**What the exercise asks**.
Dropping every picture, set down exactly the lines in the entries below, starting with the line with "很少有游客會知道,從他的手下" and going on through the line with "Make a bold".

**Source records**.
○ ○ ○ ○ ○ ○ ○

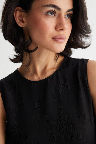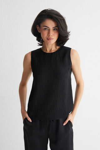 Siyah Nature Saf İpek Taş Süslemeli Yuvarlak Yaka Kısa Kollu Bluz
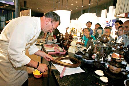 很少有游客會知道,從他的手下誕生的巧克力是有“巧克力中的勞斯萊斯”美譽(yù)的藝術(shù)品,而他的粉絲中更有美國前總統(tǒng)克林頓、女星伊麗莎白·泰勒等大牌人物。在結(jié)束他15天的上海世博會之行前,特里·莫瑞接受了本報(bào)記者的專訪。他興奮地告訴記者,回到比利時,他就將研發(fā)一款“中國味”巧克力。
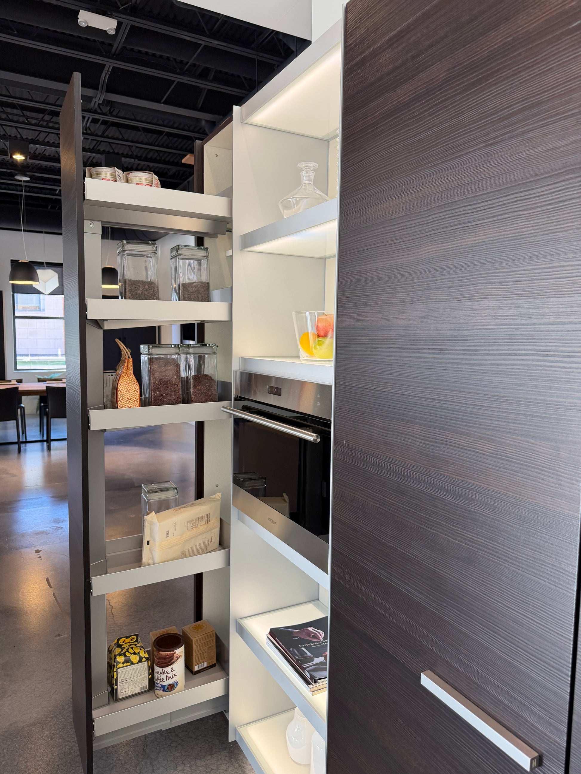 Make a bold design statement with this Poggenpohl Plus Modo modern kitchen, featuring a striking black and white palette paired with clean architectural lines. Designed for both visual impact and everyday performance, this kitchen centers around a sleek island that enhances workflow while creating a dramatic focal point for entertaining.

○ ○ ○ ○ ○ ○ ○

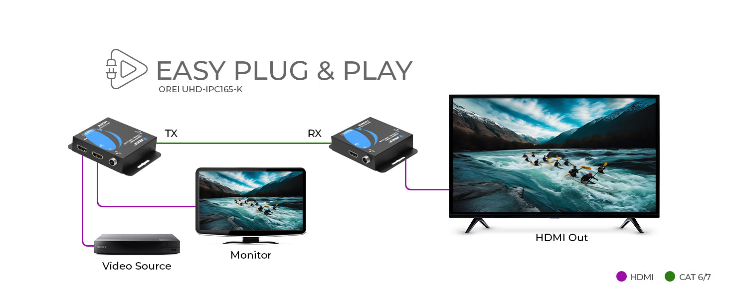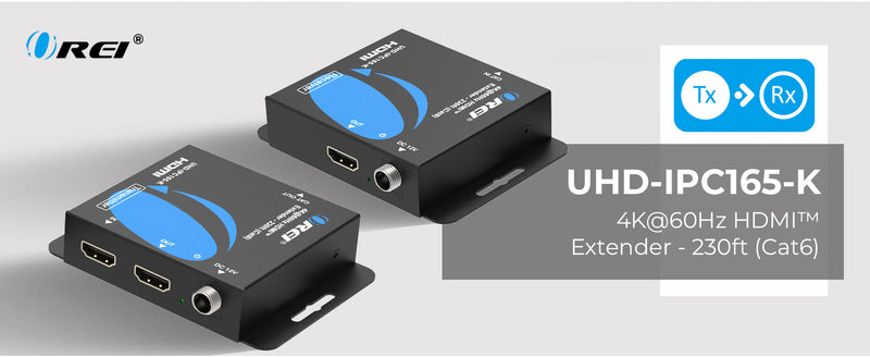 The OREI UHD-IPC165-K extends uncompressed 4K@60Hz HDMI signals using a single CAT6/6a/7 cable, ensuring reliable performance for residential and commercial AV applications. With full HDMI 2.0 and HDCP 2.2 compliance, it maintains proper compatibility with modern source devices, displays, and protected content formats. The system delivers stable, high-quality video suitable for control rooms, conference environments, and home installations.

○ ○ ○ ○ ○ ○ ○

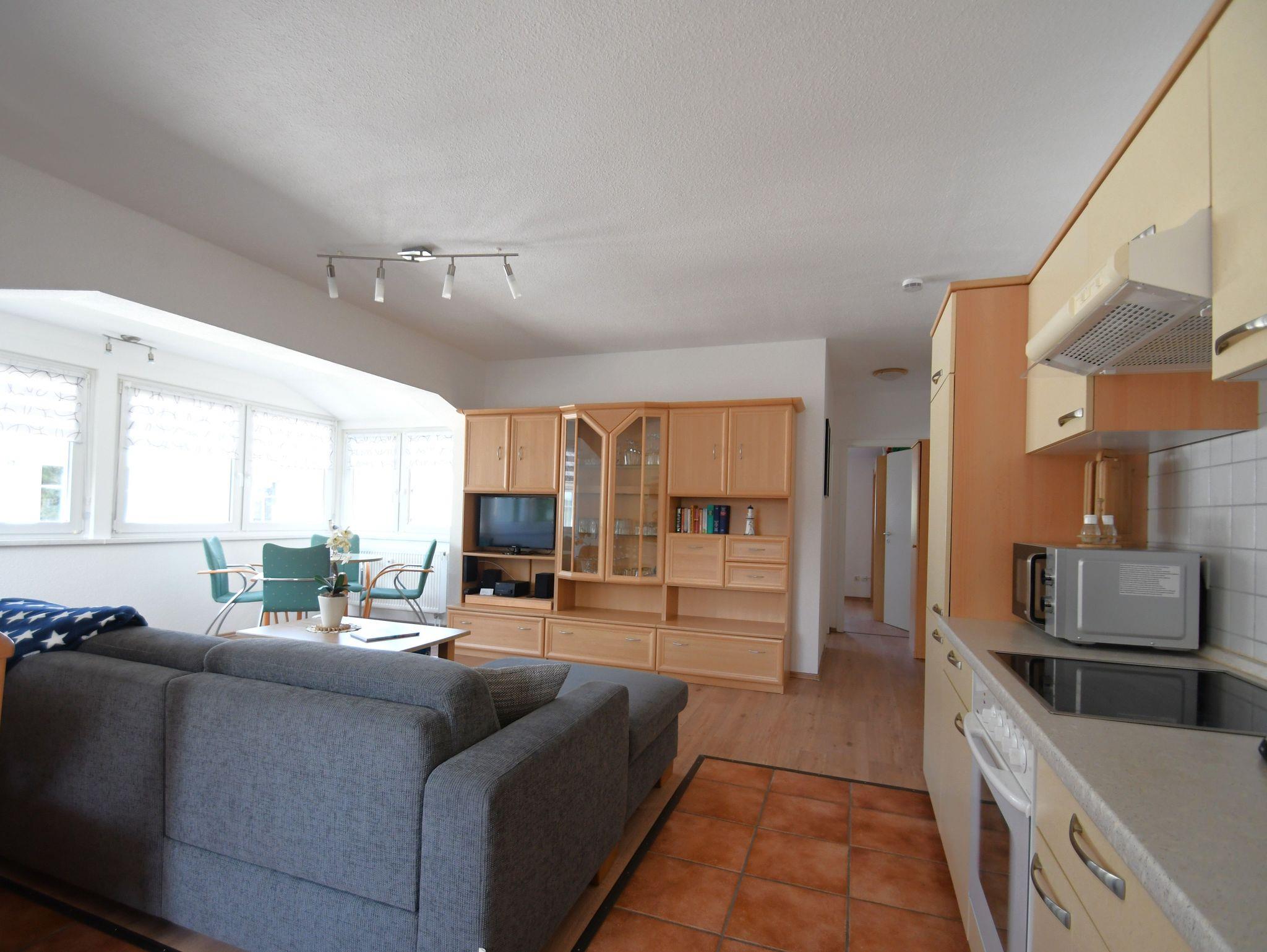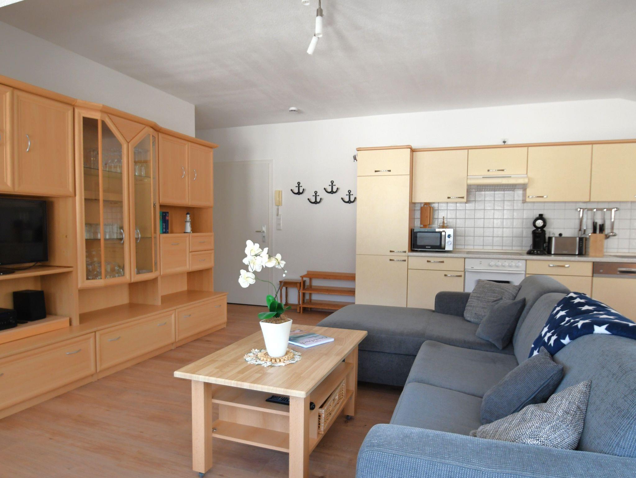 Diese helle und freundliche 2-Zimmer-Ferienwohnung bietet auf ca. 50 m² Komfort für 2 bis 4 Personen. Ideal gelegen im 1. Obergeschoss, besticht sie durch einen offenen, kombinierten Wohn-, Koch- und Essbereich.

○ ○ ○ ○ ○ ○ ○

**Reply to the exercise**.
 很少有游客會知道,從他的手下誕生的巧克力是有“巧克力中的勞斯萊斯”美譽(yù)的藝術(shù)品,而他的粉絲中更有美國前總統(tǒng)克林頓、女星伊麗莎白·泰勒等大牌人物。在結(jié)束他15天的上海世博會之行前,特里·莫瑞接受了本報(bào)記者的專訪。他興奮地告訴記者,回到比利時,他就將研發(fā)一款“中國味”巧克力。
 Make a bold design statement with this Poggenpohl Plus Modo modern kitchen, featuring a striking black and white palette paired with clean architectural lines. Designed for both visual impact and everyday performance, this kitchen centers around a sleek island that enhances workflow while creating a dramatic focal point for entertaining.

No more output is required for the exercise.